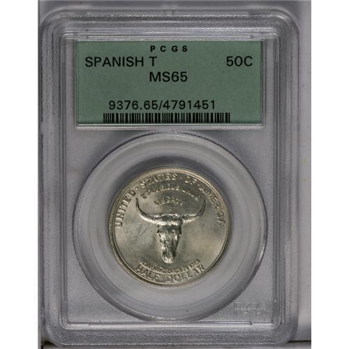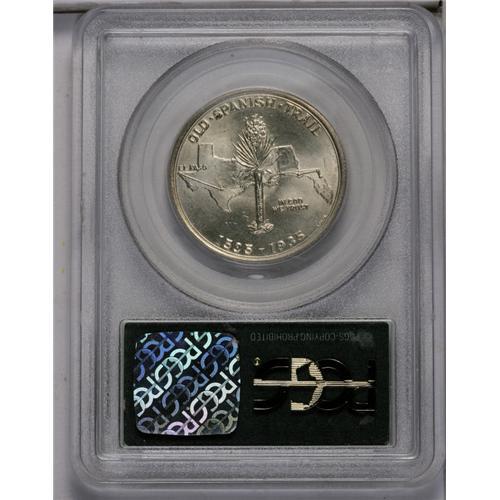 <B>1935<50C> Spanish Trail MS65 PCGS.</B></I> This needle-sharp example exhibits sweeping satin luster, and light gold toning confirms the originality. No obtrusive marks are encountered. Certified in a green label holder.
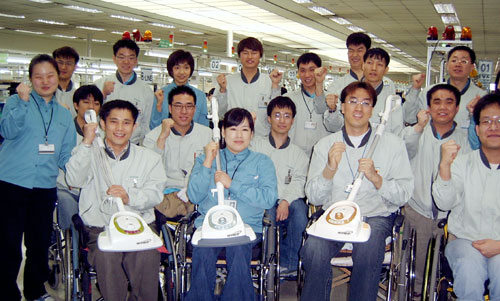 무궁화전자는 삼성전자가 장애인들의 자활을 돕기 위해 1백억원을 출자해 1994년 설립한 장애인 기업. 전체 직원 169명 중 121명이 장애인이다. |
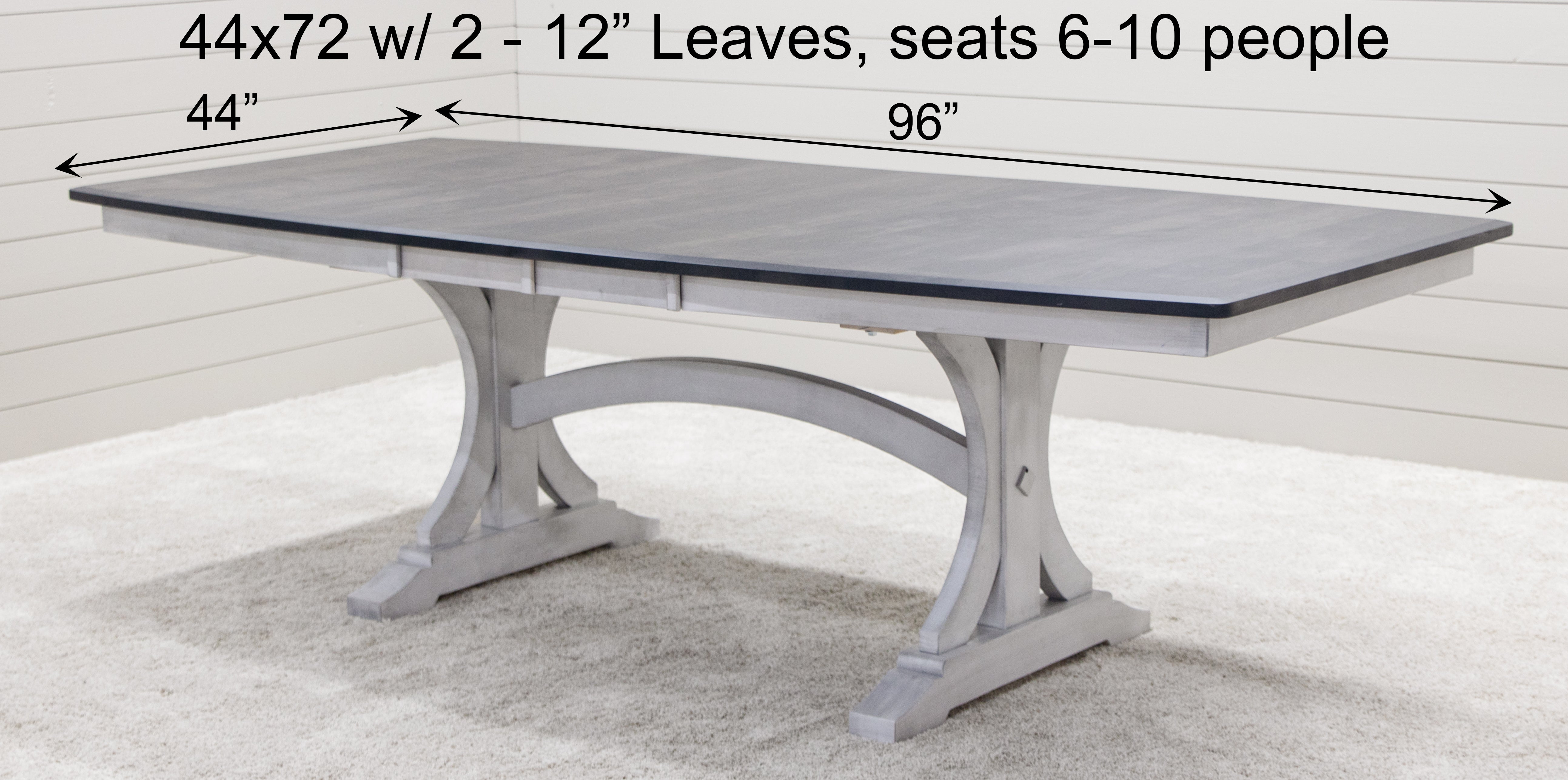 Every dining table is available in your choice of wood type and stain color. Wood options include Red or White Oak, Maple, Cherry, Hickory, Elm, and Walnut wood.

--- --- ---

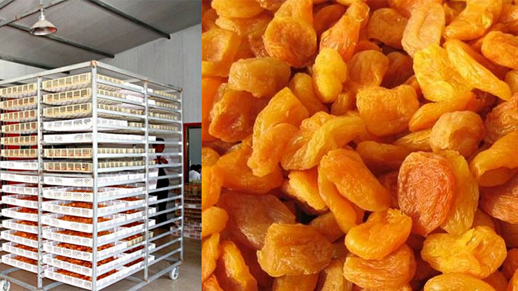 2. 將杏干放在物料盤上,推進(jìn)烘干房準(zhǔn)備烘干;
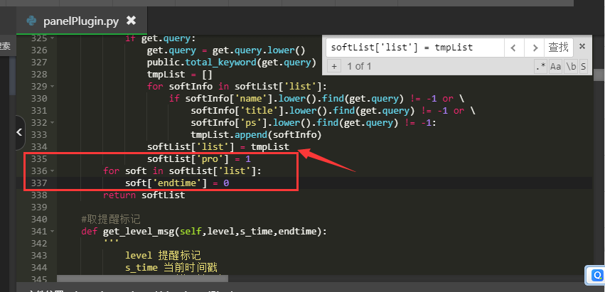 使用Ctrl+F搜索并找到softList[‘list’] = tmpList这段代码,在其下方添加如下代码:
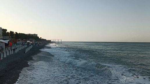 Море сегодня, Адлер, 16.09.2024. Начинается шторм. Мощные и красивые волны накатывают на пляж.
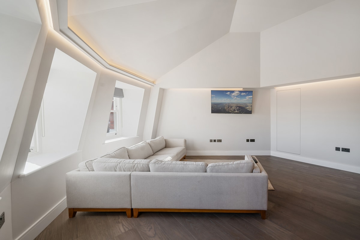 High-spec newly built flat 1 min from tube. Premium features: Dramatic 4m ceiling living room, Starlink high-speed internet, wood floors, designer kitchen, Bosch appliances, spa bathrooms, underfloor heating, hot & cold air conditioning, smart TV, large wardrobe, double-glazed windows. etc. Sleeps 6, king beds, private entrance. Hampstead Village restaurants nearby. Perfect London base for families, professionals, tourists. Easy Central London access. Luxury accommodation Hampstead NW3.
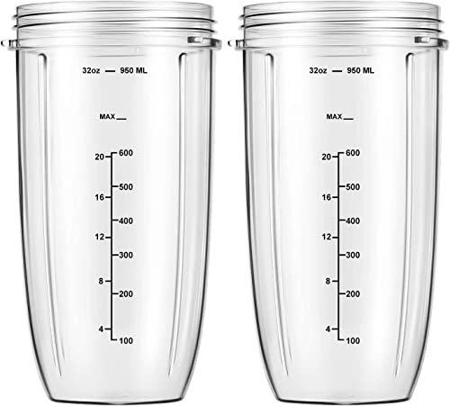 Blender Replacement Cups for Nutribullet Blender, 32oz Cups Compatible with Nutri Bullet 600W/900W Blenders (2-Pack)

--- --- ---

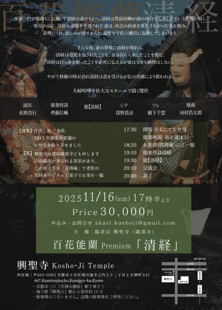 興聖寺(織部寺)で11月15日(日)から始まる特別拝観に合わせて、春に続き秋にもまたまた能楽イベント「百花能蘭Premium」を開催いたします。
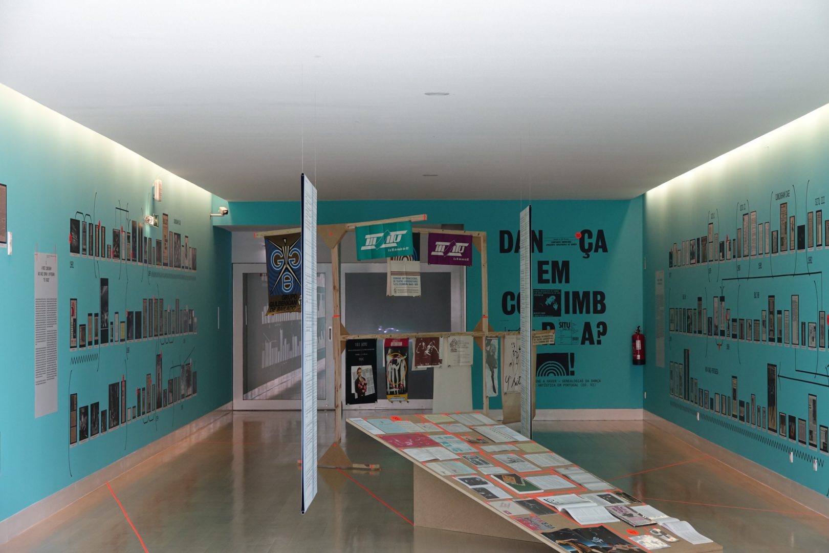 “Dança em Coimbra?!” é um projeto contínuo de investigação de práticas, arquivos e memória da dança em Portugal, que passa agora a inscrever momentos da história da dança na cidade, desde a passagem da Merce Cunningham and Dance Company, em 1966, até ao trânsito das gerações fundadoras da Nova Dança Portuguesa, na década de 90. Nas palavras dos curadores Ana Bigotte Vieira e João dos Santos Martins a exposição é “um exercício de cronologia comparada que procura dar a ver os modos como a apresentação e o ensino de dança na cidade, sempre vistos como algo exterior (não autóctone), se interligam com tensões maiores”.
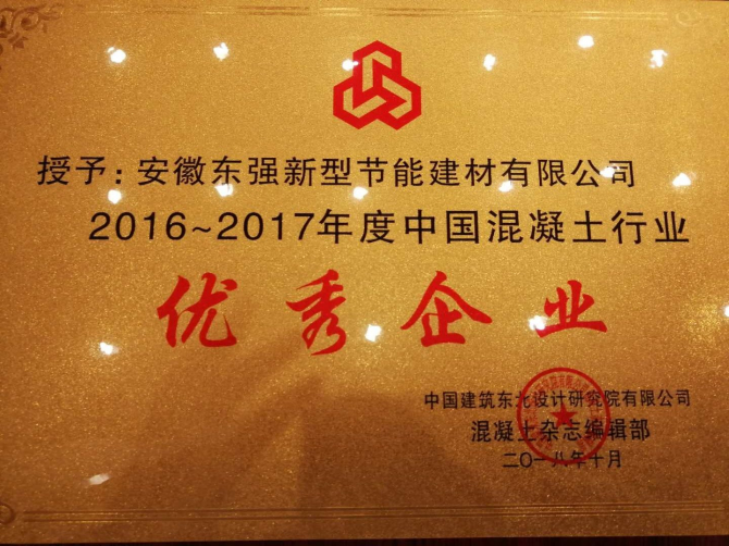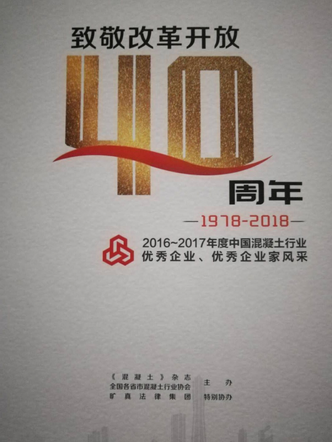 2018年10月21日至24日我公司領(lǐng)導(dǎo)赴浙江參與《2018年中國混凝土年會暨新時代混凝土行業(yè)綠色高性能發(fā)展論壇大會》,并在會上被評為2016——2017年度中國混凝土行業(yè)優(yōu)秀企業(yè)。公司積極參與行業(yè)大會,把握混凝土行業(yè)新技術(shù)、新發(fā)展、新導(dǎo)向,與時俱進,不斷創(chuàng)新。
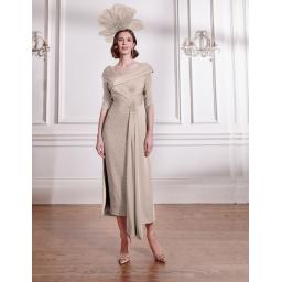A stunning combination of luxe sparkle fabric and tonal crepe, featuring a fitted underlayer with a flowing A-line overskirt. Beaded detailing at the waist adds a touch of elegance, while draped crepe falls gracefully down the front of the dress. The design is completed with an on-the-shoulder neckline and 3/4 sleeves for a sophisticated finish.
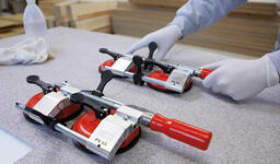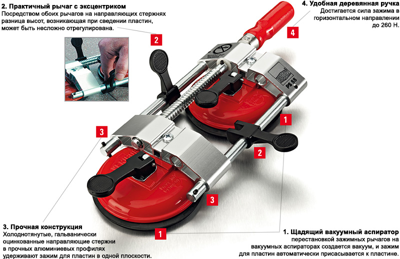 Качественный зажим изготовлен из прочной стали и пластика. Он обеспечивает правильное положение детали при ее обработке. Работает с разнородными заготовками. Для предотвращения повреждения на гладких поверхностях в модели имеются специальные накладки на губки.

--- --- ---

__EXERCISE__:
Everything from the line with "<B>1935<50C> Spanish Trail" down to the line with "무궁화전자는 삼성전자가 장애인들의" in the data above should be copied exactly, with both end lines kept and the pictures left out.

__EXERCISE SOLUTION__:
 <B>1935<50C> Spanish Trail MS65 PCGS.</B></I> This needle-sharp example exhibits sweeping satin luster, and light gold toning confirms the originality. No obtrusive marks are encountered. Certified in a green label holder.
 무궁화전자는 삼성전자가 장애인들의 자활을 돕기 위해 1백억원을 출자해 1994년 설립한 장애인 기업. 전체 직원 169명 중 121명이 장애인이다. |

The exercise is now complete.